Other neuroimaging findings include leptomeningeal and perivascular enhancement (Fig. 12), mild ventriculomegaly due to communicating hydrocephalus, subdural collections, cortical laminar necrosis, and diffuse brain edema. Over time, parenchymal atrophy ensues [41]. Although non-specific, MR spectroscopy can be useful in assessing inflammatory activity. It may reveal a lactate peak and elevated glutamine/glutamate levels during the acute phase, and show an elevated choline peak with a reduced N-acetylaspartate peak reflecting ongoing tissue destruction [41].Fig. 12. Hemophagocytic lymphohistiocytosis. A 23-year-old female patient with refractory septic shock in the context of hemophagocytic lymphohistiocytosis with predominant CNS manifestations. Genetic testing identified a homozygous variant with uncertain clinical significance in the UNC13D gene, associated with familial HLH. Brain MRI (a and b – axial FLAIR, and c and d – gadolinium-enhanced axial T1) demonstrates bilateral tumefactive, partly confluent, T2-hyperintense cortico-subcortical lesions with heterogeneous patchy enhancement, involving both supra and infratentorial regions. Prominent perivascular enhancement is noted on the centra semiovalia (arrows on c). A frontal ventriculoperitoneal shunt catheter is present
While neurologic manifestations associated with HLH typically arise in the first years of life, patients with CHS who survive into adulthood develop a chronic neurodegenerative disease with progressive cerebral and cerebellar atrophy, dementia, ataxia, autonomic dysfunction, and parkinsonism (7,16).

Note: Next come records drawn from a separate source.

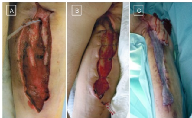
Figure 3: Right posterior thigh after surgical splitting of the fistula. (A) Proximal is the perianal drainage visible. (B) Wound after conditioning. (C) Wound after covering with split-skin graft.

year later the patient was meanwhile treated with adalimumab and azathioprine. He presented with two new fistulas and ten days later with a recurrent abscess at the right thigh, all treated surgically. The follow-up after the last surgery is now five months.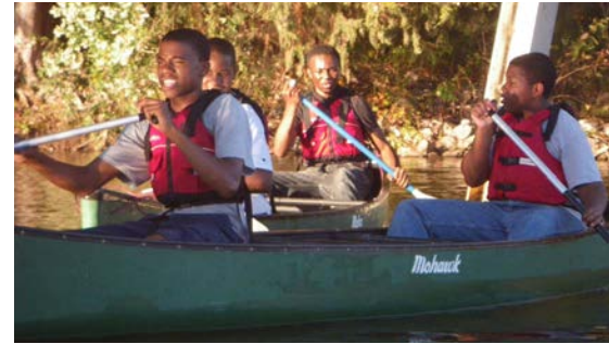
Teen Outreach Program

DRIFT (Drive Responsible Initiative for Teens), an initiative led by the Raleigh Youth Council, is designed to promote behaviors and attitudes in teen drivers that result in reduced risk while operating motor vehicles. Through this effort, over 10,000 teens heard the initiative's safe driving message; 74 teens participated in safe driving classes focusing on DWI, distracted driving and speeding led by the Raleigh Police Department; 2,047 signed safe driving pledges were collected from over 40 high schools; 572 surveys were conducted to find out teens driving habits and views; and two mock crash events were hosted. Participants also attended a weekend driving school to strengthen their safe driving habits. Other collaborators on this grant include the City's Police, Information Technology, and Community Service departments, local schools and external organizations.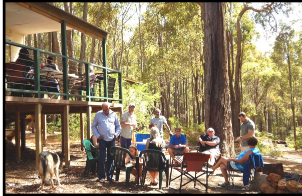
Dee & Garmini's home away from home.

Bit of night fishing for Anjali and few others. Beautiful surroundings but not much caught.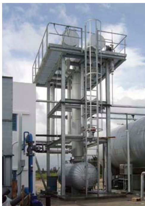
CO 2 -Stripper for highly pure CO 2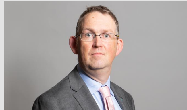
Paul Maynard Parliamentary Under Secretary of State

Minister of State, Department for Work and Pensions 2023-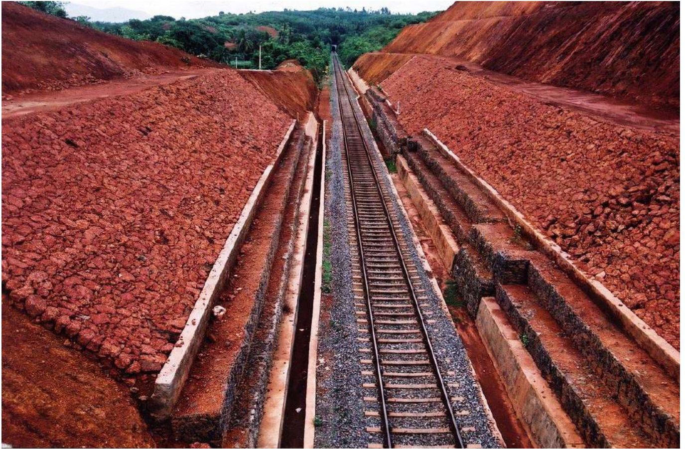
Flattening of Cutting Sides and Protective Works in Soil Cuttings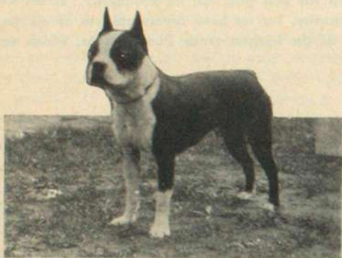
CHAMPION THE BURGLAR DEE CEE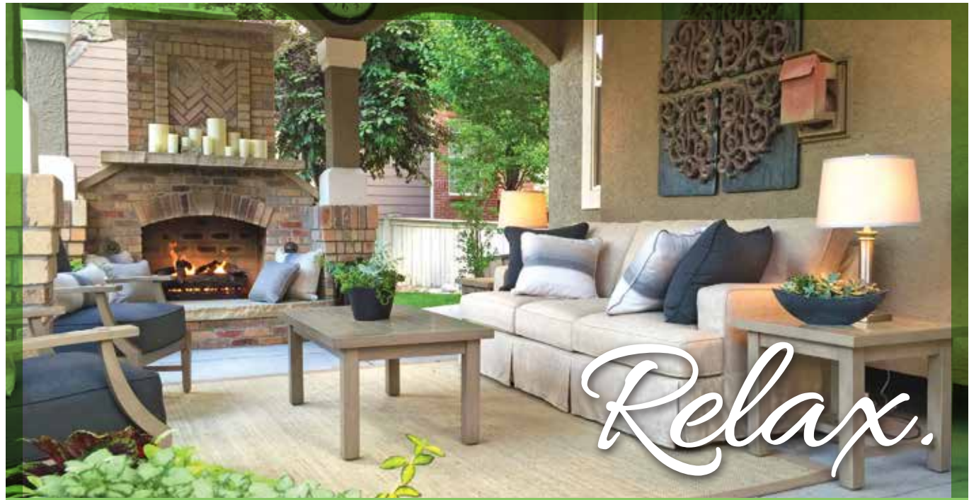
Let enviroscapes create your ideal outdoor living environment that is personalized to both your family and your home.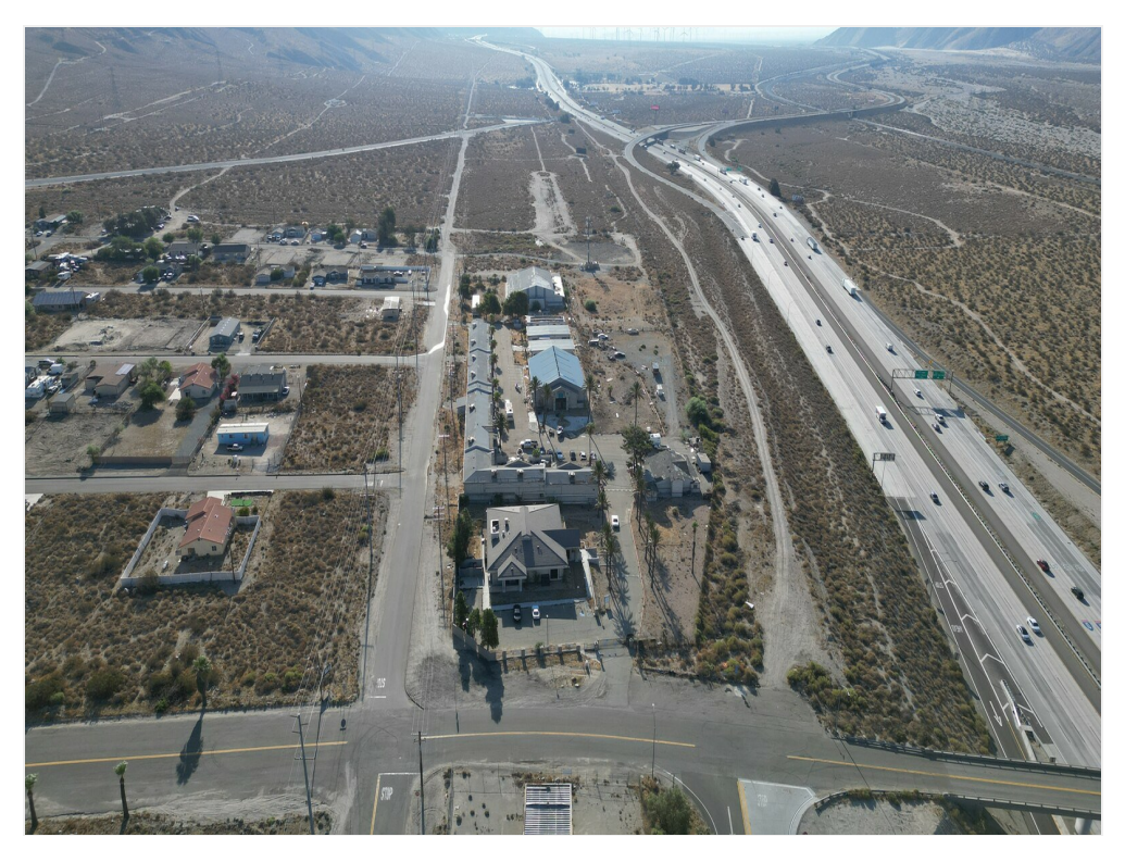
55860 Haugen Lehman way, Whitewater CA, 92282 9

X-linked lymphoproliferative disease type 1 (XLP1) is an X-linked recessive disorder of immune dysregulation with susceptibility to Epstein-Barr virus (EBV) infection and lymphoproliferative conditions caused by pathogenic variants in the SH2D1A gene, which encodes the signaling lymphocyte activation molecule associated protein (SAP) expressed in T cells, NK cells, and invariant NK cells [1, 16, 42].
Affected males usually present with clinical and immunologic features triggered by EBV infection including fulminant mononucleosis, HLH, hypogammaglobulinemia, and lymphoma. Rarer manifestations include bone marrow failure with aplastic anemia, and CNS vasculitis [1, 16, 42]. Median age at presentation is 3–4 years, and only about half of the patients survive into adulthood [42].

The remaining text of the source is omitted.